DATA FOR THE TASK: Begin

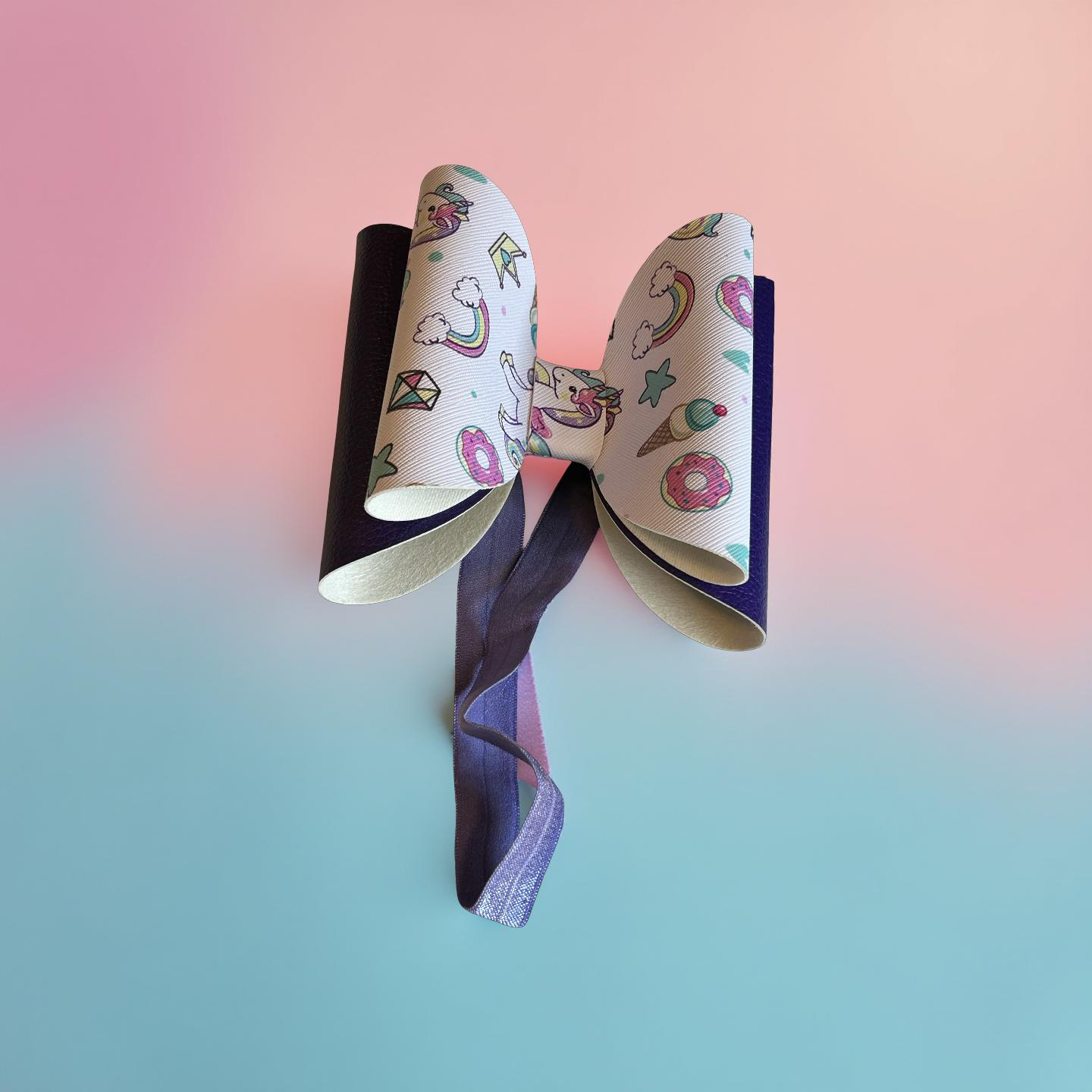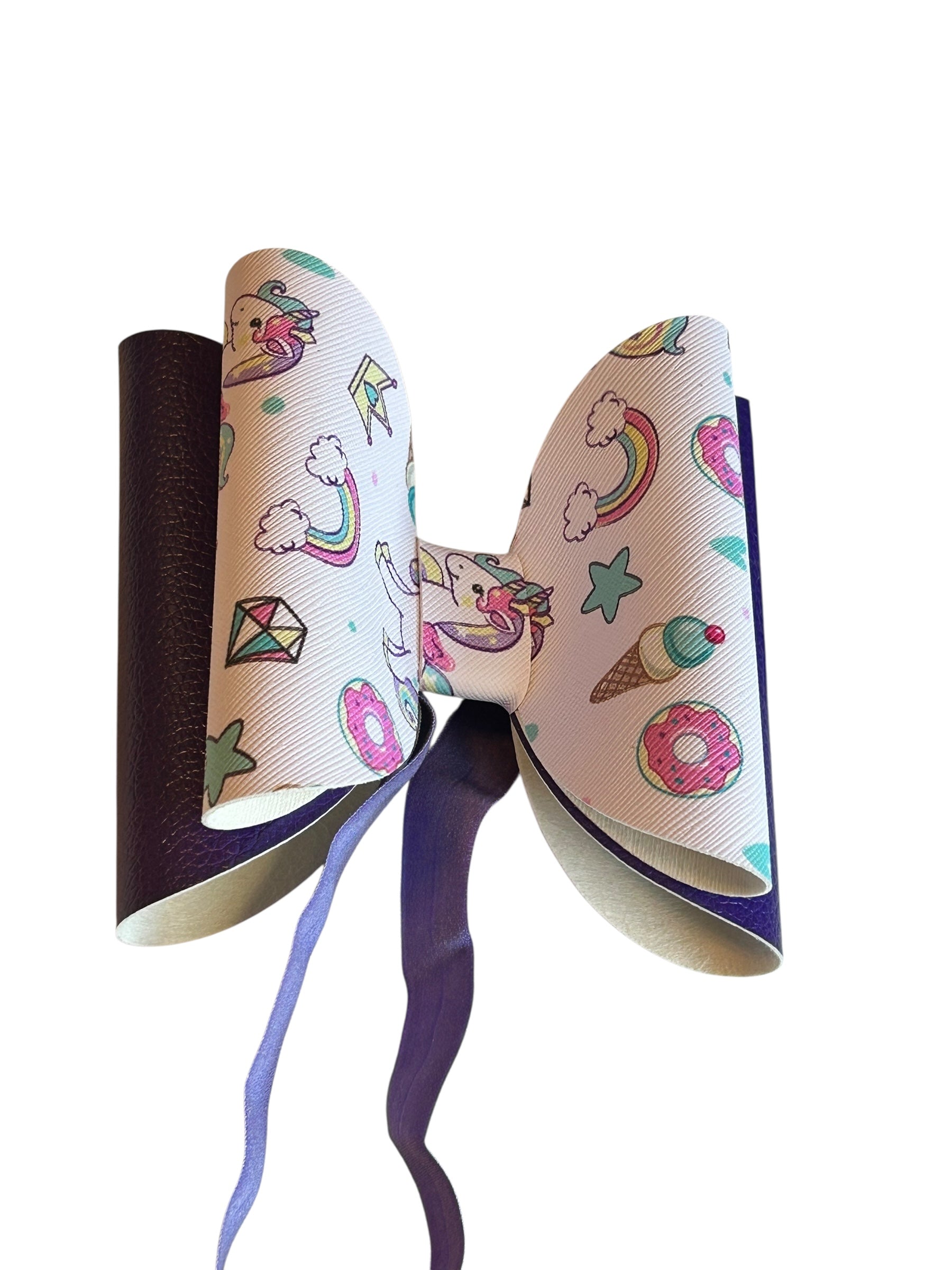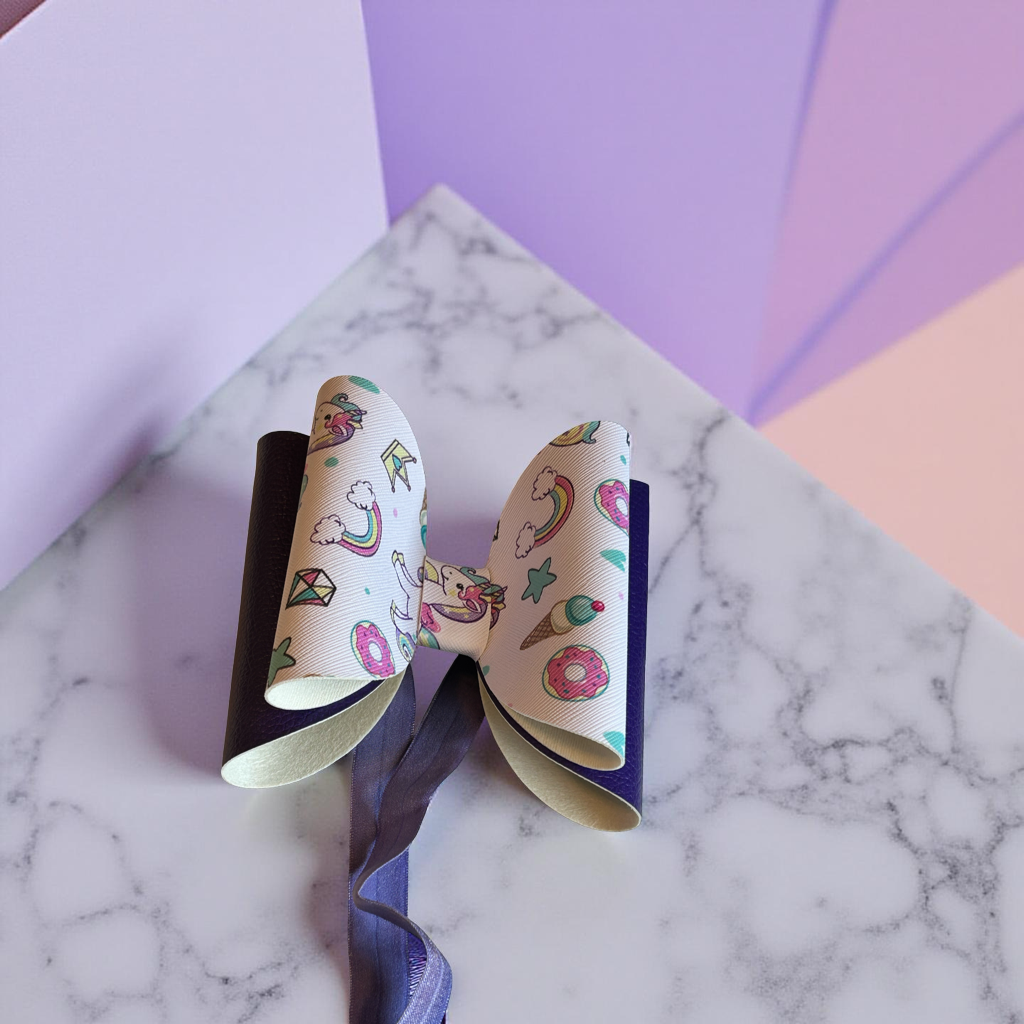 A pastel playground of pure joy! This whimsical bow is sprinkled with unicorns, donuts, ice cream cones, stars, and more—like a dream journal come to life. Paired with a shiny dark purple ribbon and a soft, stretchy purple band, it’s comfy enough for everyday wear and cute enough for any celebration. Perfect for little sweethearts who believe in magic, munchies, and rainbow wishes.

DATA FOR THE TASK: End
DATA FOR THE TASK: Begin

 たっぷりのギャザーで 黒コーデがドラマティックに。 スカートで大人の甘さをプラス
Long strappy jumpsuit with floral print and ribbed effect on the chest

DATA FOR THE TASK: End
DATA FOR THE TASK: Begin

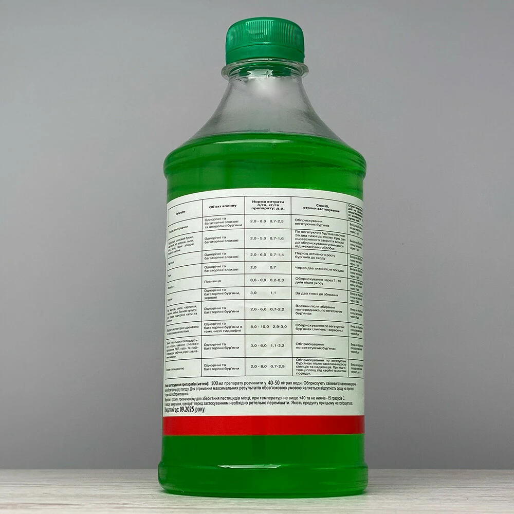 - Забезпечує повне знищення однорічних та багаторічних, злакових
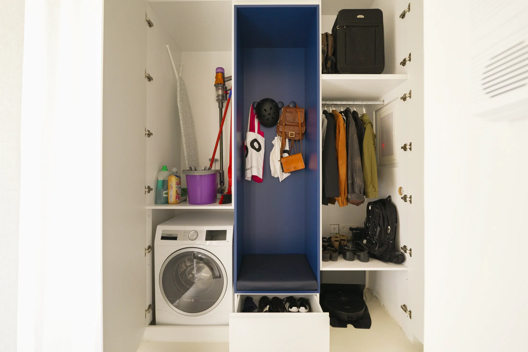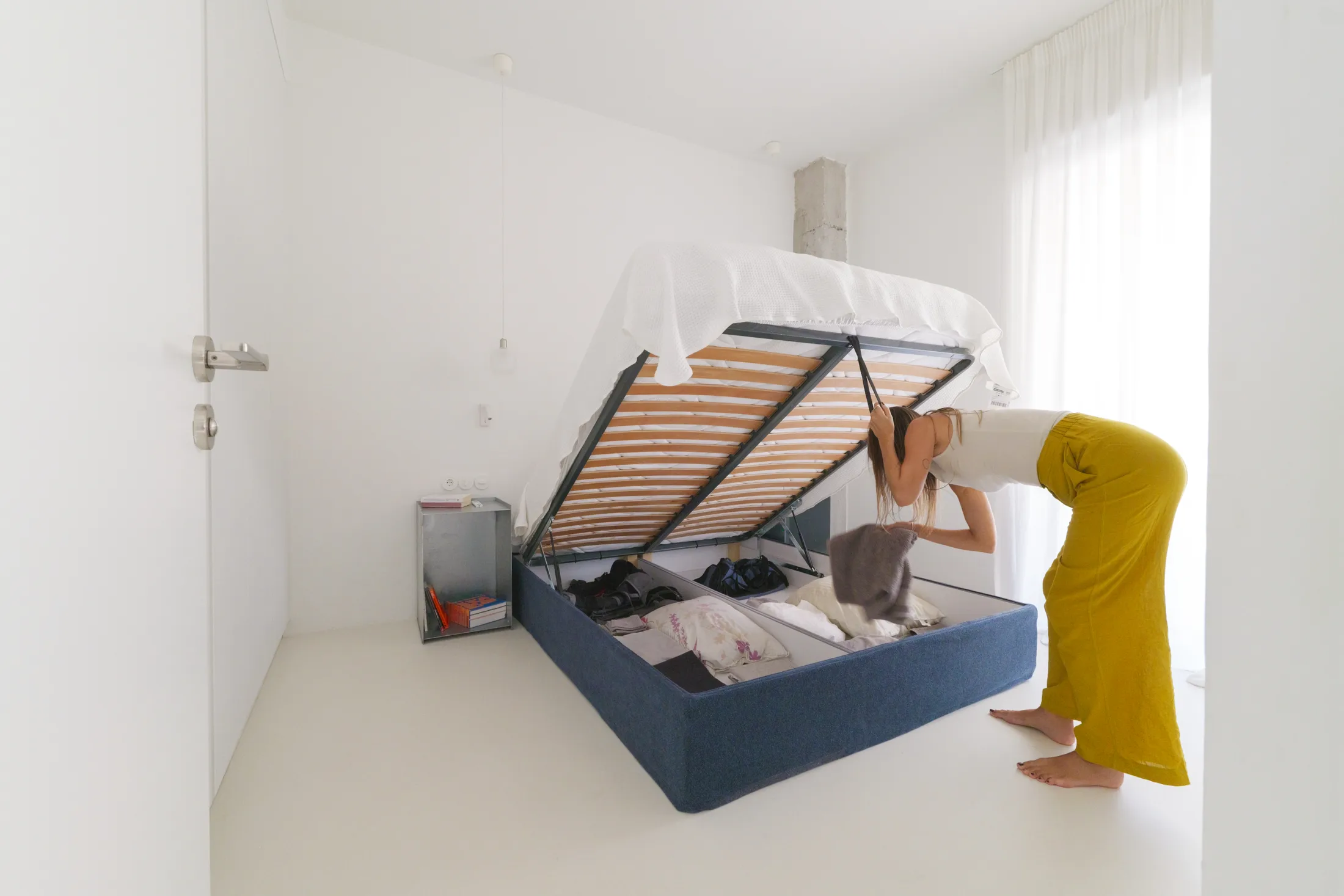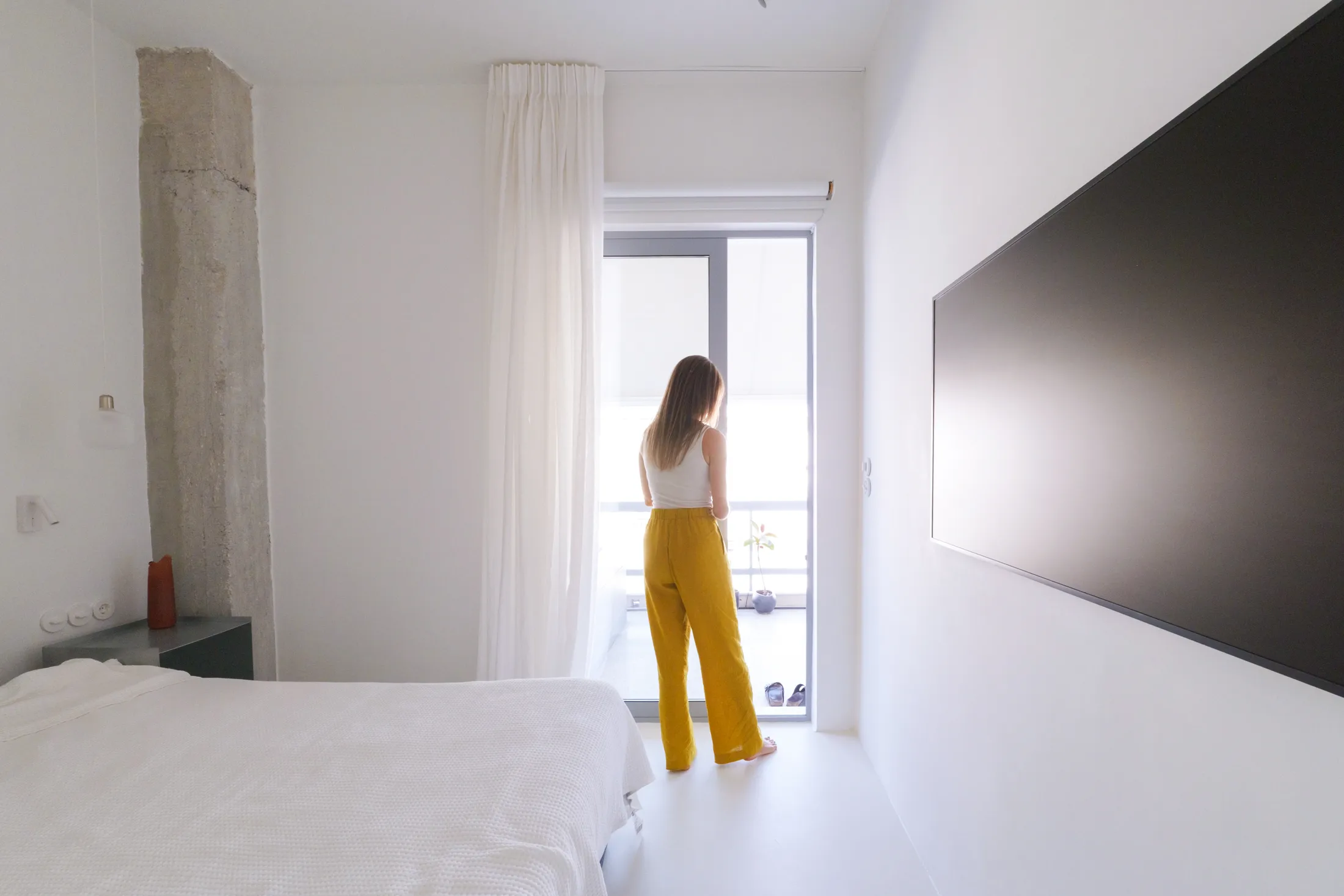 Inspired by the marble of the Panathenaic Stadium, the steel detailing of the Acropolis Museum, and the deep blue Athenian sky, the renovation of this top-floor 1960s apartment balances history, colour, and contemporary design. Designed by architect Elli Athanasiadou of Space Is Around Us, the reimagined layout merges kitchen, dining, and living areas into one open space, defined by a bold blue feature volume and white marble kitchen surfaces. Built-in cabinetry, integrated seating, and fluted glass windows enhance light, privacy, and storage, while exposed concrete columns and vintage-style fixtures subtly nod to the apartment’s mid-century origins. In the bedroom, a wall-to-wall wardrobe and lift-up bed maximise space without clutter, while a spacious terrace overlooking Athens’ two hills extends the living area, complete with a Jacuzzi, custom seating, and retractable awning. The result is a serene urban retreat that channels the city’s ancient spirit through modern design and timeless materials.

DATA FOR THE TASK: End

▸ REQUIRED ACTION: Would you print exactly and only the lines of the material above that run from the line with "たっぷりのギャザーで 黒コーデがドラマティックに。 スカートで大人の甘さをプラス" through the line with "Long strappy jumpsuit", both included?

▸ EXERCISE RESULT:
 たっぷりのギャザーで 黒コーデがドラマティックに。 スカートで大人の甘さをプラス
Long strappy jumpsuit with floral print and ribbed effect on the chest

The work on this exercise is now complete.